Пушкин повторил и расширил этот прием в абсолютно совершенной по форме «Русалке», где среди всеобщего веселья свадебного обряда одинокий и таинственный голос поет о самоубийстве дочери мельника.
Сватушка, сватушка,
Бестолковый сватушка!
По невесту ехали,
В огород заехали,
Пива бочку пролили,
Всю капусту полили!
Тыну поклонилися,
Верее молилися:
Верея ль, вереюшка,
Укажи дороженьку
По невесту ехати.
Сватушка, догадайся,
За мошоночку принимайся,
В мошне денежка шевелится,
Красным девушкам норовится[290].
Сват
Насмешницы, уж выбрали вы песню!
На, на, возьмите, не корите свата.
(Дарит девушек.)
Одинголос
По камушкам, по желтому песочку
Пробегала быстрая речка.
Во быстрой речке гуляют две рыбки[291].
Две рыбки, две малые плотицы.
А слыхала ль ты, рыбка сестрица[292],
Про вести-то наши, про речныя?
Как вечор у нас красна девица топилась,
Утопая, мила друга проклинала?
Сват
Красавицы! Да что это за песня?
Она, кажись, не свадебная: нет.
Кто выбрал эту песню, а?
Девушки
Не я.
Не я – не мы…
Сват
Да кто ж пропел ее?
(Шепот и смятение между девушками).
Князь
Я знаю кто!
Все творчество Пушкина – это блеск летнего полдня, в котором звучит «увы»: свадебный пир «Князя», преизбыток формальной красоты, совершенная гармония, как будто бы «искусство для искусства», куда врывается весть из того мира, грозный голос подземных черных «хтонических» богов – и сбивает с толку построения всех формалистов и всех идеологов, всех усматривающих в творчестве Пушкина выражение внутреннего равновесия и благополучия – в то время как «уравновешена» у него и «благополучна» только поверхность формы, «свадебный обряд творчества, да и то – до поры до времени…
Сваха
Все хорошо, – одно нехорошо.
Дружко
А что?
Сваха
Да не к добру пропели эту песню
Не свадебную, а Бог весть какую.
Конечно, Пушкин – автор не только пламенного «Пророка» и псаломного «Когда для смертного умолкнет шумный день», но и прохладной, как утренняя заря, «Вакхической песни», сдержанный и ультраакадемический тон которой нашел себе соответствующую интерпретацию в мерной музе А. К. Глазунова.
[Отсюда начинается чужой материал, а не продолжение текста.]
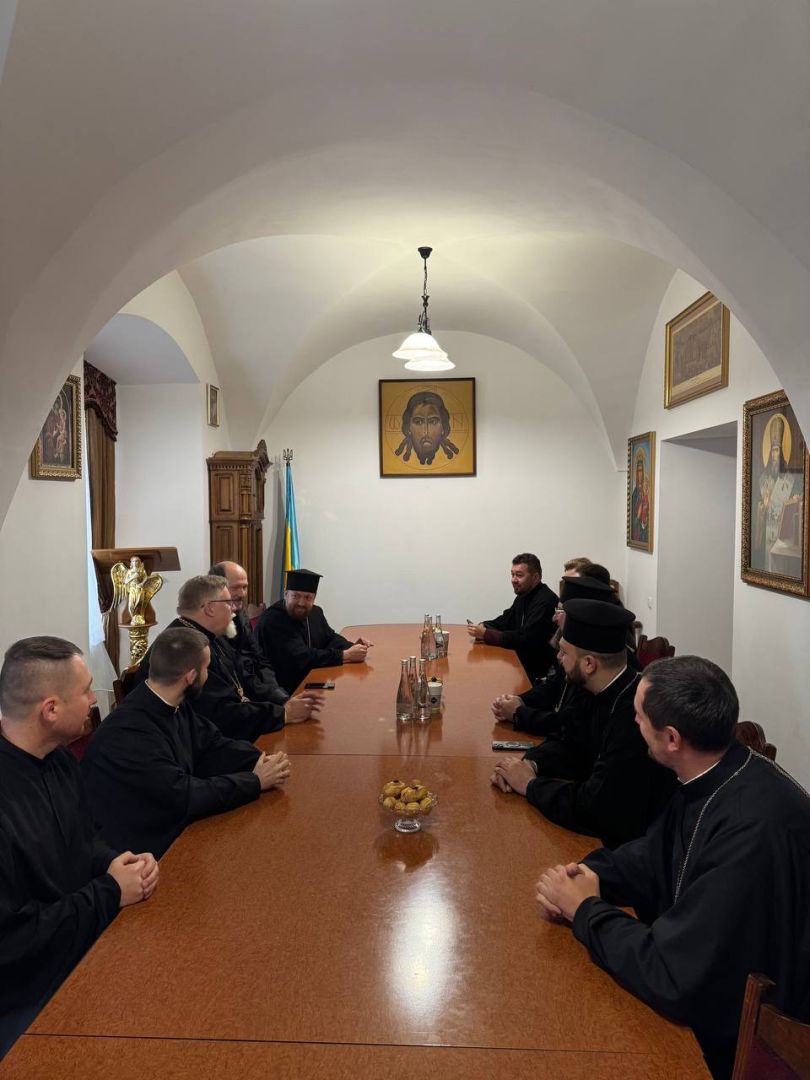 За кавою в єпархіальному управлінні глава Православної церкви Фінляндії Митрополит Елія з супроводжуючими особами та Митрополит Димитрій з кліром мали тепле спілкування, в якому піднімалися різноманітні питання з життя та історії Православної Церкви Фінляндії та Львівсько-Сокальської єпархії ПЦУ.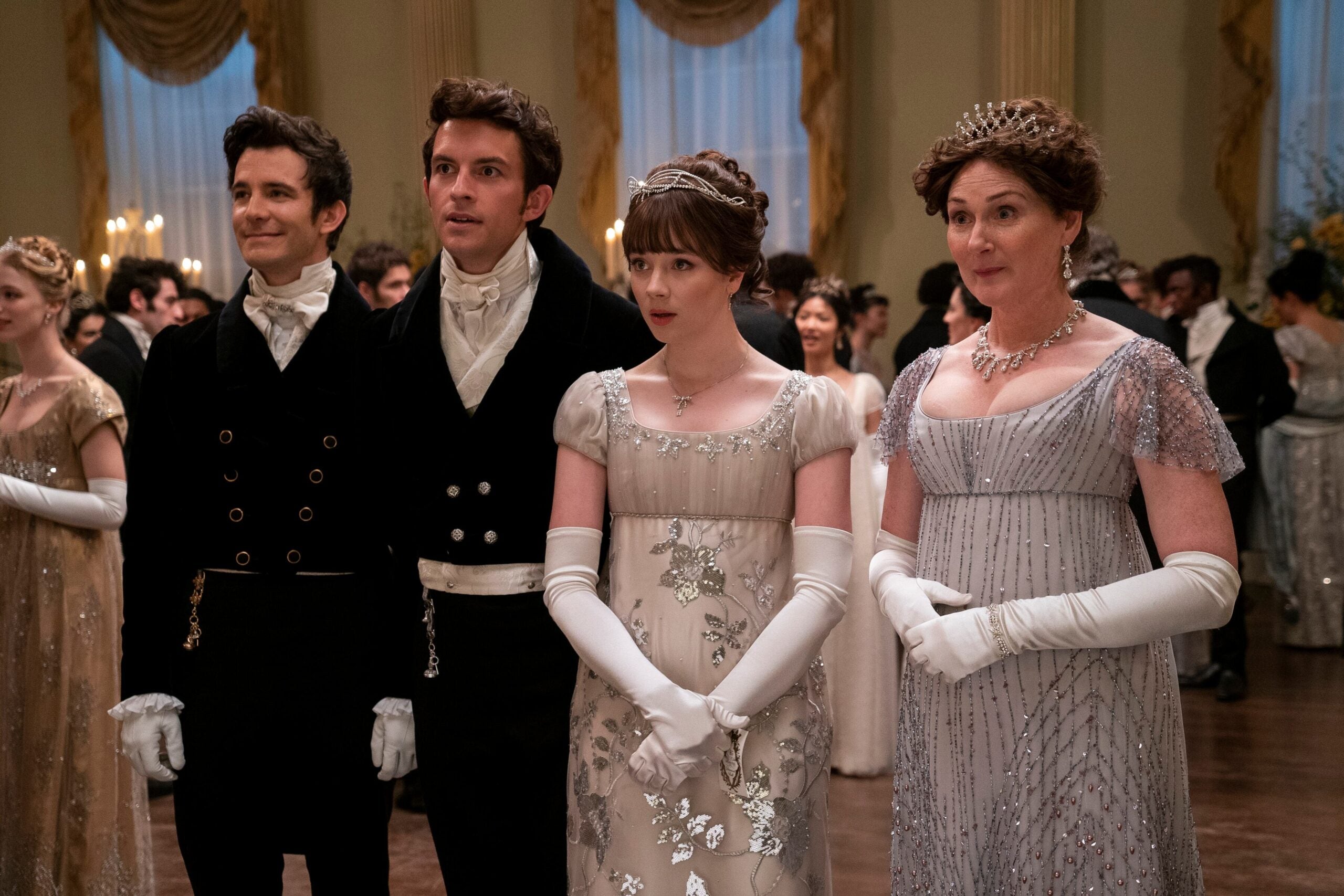 From left, Luke Thompson as Benedict Bridgerton, Jonathan Bailey as Anthony Bridgerton, Claudia Jessie as Eloise Bridgerton, Ruth Gemmell as Lady Violet Bridgerton in “Bridgerton.” – Liam Daniel/Netflix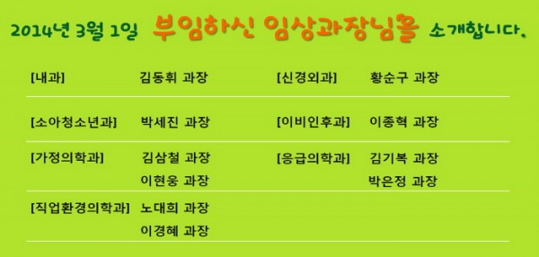 [소식] 대우병원 새로운 의료진 대폭 보강! 페이지 정보 대우병원 작성일14-03-03 12:21 조회86,299회 댓글0건 본문 상세보기 > http://blog.naver.com/tosk75/100206421676 이전글 다음글 목록

Но надо быть очень нечутким, чтобы не заметить, как, вооружившись монументальным стилем – «стилетом», классической размеренностью, Пушкин заклинает мир, где царствует жуткая Геката, «могучая Персефона» и прочие хтонические божества, и призывает солнечного бога ФебаАполлона против «чар ночных» Диониса, против всякого колдовства и наговора, даже против «метафизики», которую он вместе с Гёте готов клеймить эпитетом «ложной мудрости»:
Как эта лампадка бледнеет[293]
Пред ясным восходом зари,
Так ложная мудрость мерцает и тлеет
Пред солнцем бессмертным ума –
Да здравствует солнце, да скроется тьма!
Попытки спасения от «древнего хаоса» силами равновесия формы проходят через всю историю человеческого творчества… Да и само искусство следует именовать «преодоленным хаосом». В этом человек, сознательно или бессознательно, стремится следовать за Богом-Творцом, по образу которого он создан. Но здесь заклятия самые сильные, самое высокое совершенство формы часто бывают тщетны. Таинственная стихия, вызываемая на дневную поверхность принятием «божественного напитка», возливаемого на трагический алтарь, – бушует неудержимо, и катастрофа в том или ином смысле совершается. И возникает радикальная для нашего послебиблейского, послеантичного времени тема, которую никак не может миновать философия искусства:
– Рок или крест?
Артист – существо двойственное, даже двусмысленное, он живет между роком и крестом, хотя и стремится порой – и всегда тщетно – смягчить свои тайные боли, увивая или давая увивать свой терновый венец розами, так что получается дилемма:
Роза или крест?
Но дилемма эта – ложная, потому что она – кажущаяся, мнимая… Собственно говоря, человеческое творчество вызывается тайной этого двусмысленного положения, а потому рок (и розу) он переживает как крест, а крест (и розу) – как рок…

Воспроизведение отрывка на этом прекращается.